How have I not known this all along? Because I’m human, and weak in places, just like everybody else. Because I live in America and beauty is SO subjective. Because I’m cynical about desire and love and sex. Because I have always had a hard time believing good things about myself, or that the good things outweigh the bad*.

And why the disbelief? See: all of the above.

Perhaps most importantly, why am I thinking/talking about this now? Because someone truly fabulous called me a Hot Girl last night. I’ve been called nice things before (by some pretty damned fabulous people, too), and hopefully will be again. I’ve been courted, pursued, stalked, admired, feted, loved, lusted after, celebrated, treated with respect, the subject of songs and poems and art… and it ALWAYS surprises me. Every time. ok. almost always. Sometimes extra especially. And a lot of times, it’s been the opposite. One boy that I lusted after told me that it could never happen because he only likes “anorexic chicks”**. One boy, THE boy, my then-and-still One True Love, told me that he was only attracted to me when he was close to me (perhaps nekkid, in the dark? Punkass.) and that memory will never leave me***. And lots of boys overlook me because I’m fat, or whatever, even some that I wish were better people than that – but I do understand. You want what you want. I am just as “guilty” of this as anyone. I just don’t think you should tell someone these things AFTER you’ve … taken physical advantage of their desire and admiration.
Despite those times, those people and those comments, it has been the good things that people have said and done that have helped to build my confidence. It’s the bad things (the ones that have been said to me and the ones I see in the mirror vs. magazine covers) that make me doubt, but it’s the confidence that makes me a Hot Girl. Maybe the doubt is the only thing that curbs my arrogance and perhaps that adds to the overall effect, too…
The one thing that people say to me again and again when courting or complimenting is that it’s the way I “carry myself”. Will (Justin) Martin told me in college that he wanted to meet me because when I walked across campus, it looked as if my “feet didn’t even touch the ground”. Moo. I think it’s that I love myself, and I love life. And that shows.
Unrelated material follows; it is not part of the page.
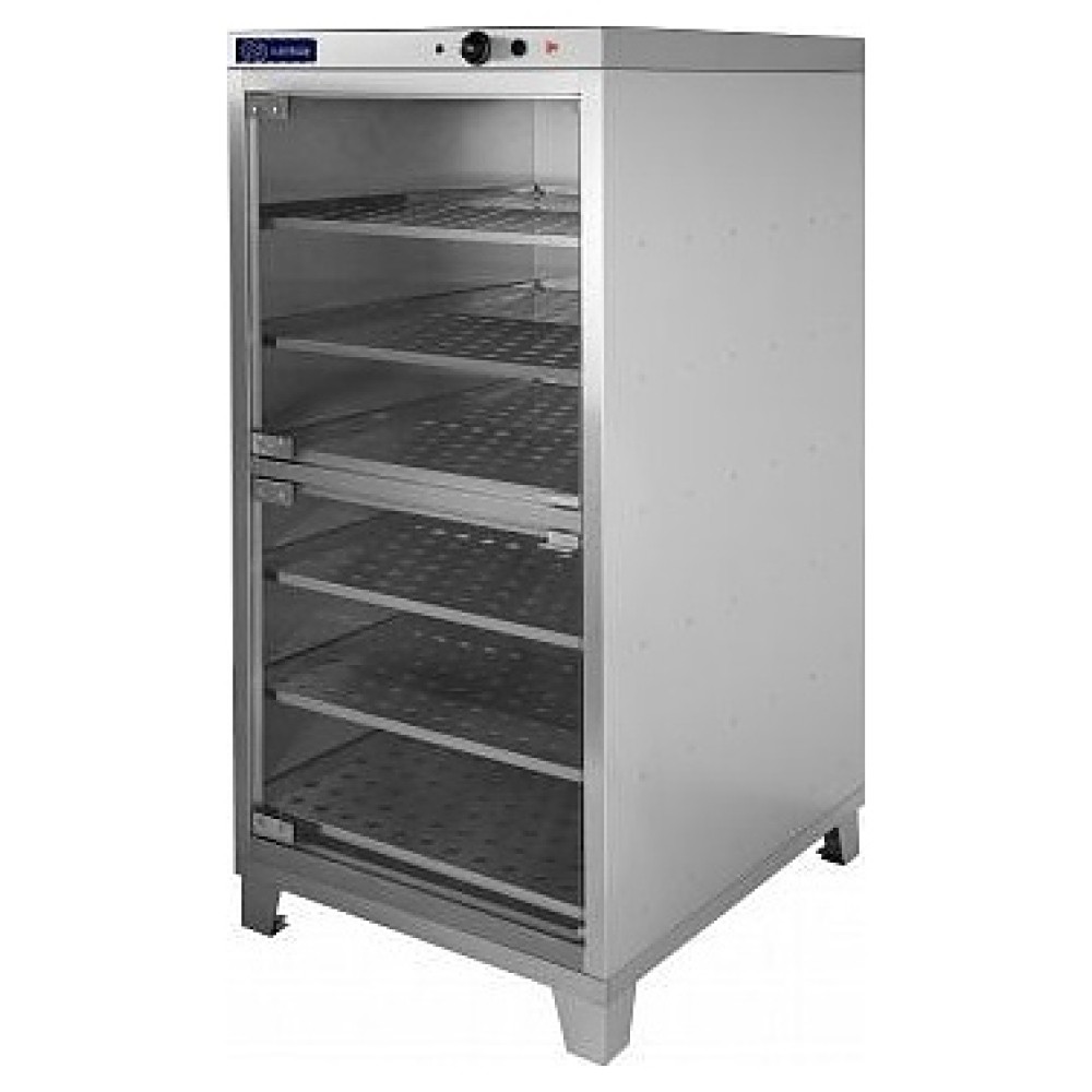 Расстоечный шкаф KAYMAN ШРЭ-6-2 используется на предприятиях пищевой промышленности, общественного питания и торговли для подготовки дрожжевого теста к выпеканию при оптимальных условиях, в процессе расстойки заготовка увеличивается в объеме, приобретает пористую структуру благодаря насыщению углекислым газом, внешняя поверхность становится гладкой и эластичной. Модель оснащена рабочей камерой с 6 уровнями с направляющими и перфорированными полками для противней, 2 распашными дверьми и электромеханической панелью управления. Корпус, направляющие и полки выполнены из нержавеющей стали.

What physical beauty I do have will fade – is fading. I have been feeling pretty… faded since I hit 35. I’ve had a lot of sad, funny, cynical thoughts about love and sex and romance in the past several months, and I’m sure that they will come again – with a vengeance. I had decided to give it up, just be asexual (yeah, me and Morrissey) and try hard not to care, and to learn some more about myself and the world. And all of this was affecting my attitude in a bad way. It’s just not me.
The ‘someone fabulous’ who made this nice comment last night is a bloke that I’ve long desired and admired. He is an especially beautiful person, inside and out, but someone that I would never have a chance of dating, due to life on earth being like it is… But despite life on earth being like it is (or maybe because of it) we’ve become very close friends – maybe even close enough to do away with some “despites” for a bit. Who knows? But something about the time and place, the mood and conversation when he made this comment (one of many nice things he’s said to me over the years), and I guess the particularly piquante blend of this gentleman’s OWN hotness really hit me. I thought “Wow. I’m a Hot Girl. Still. Wow.”
I honestly wish that everyone had this feeling. SO many of my friends do, and it is such a joy to celebrate it with them. I never really thought “Does K__ (or M__, or B__, or A__, etc.) doubt his or her attractiveness? Are they even really AWARE of how beautiful, sensual, delightful, amazing and attractive they are?”
I’ve always thought that it was one of my jobs in the Universe to try to let these people know. And it’s nice to realize that I believe that my opinion on this subject really matters.
So does yours, “X?”, and all of the rest of you who go out of your way to make myself and others feel good about ourselves.
Thank you, bless you.
AND ROCK YOUR OWN HOTNESS, PEEPS!
xo
-s

*THIS, however, I have been working on for a LONG time, and continue to do so, everyday. I’ve made a lot of progress…
**or MAYBE he was ticked off because I turned him down the very first time he tried to put the make on me because I was SIXTEEN and COMPLETELY clueless… sheesh.
***there’s times when I think that maybe alzheimer’s wouldn’t be SO bad…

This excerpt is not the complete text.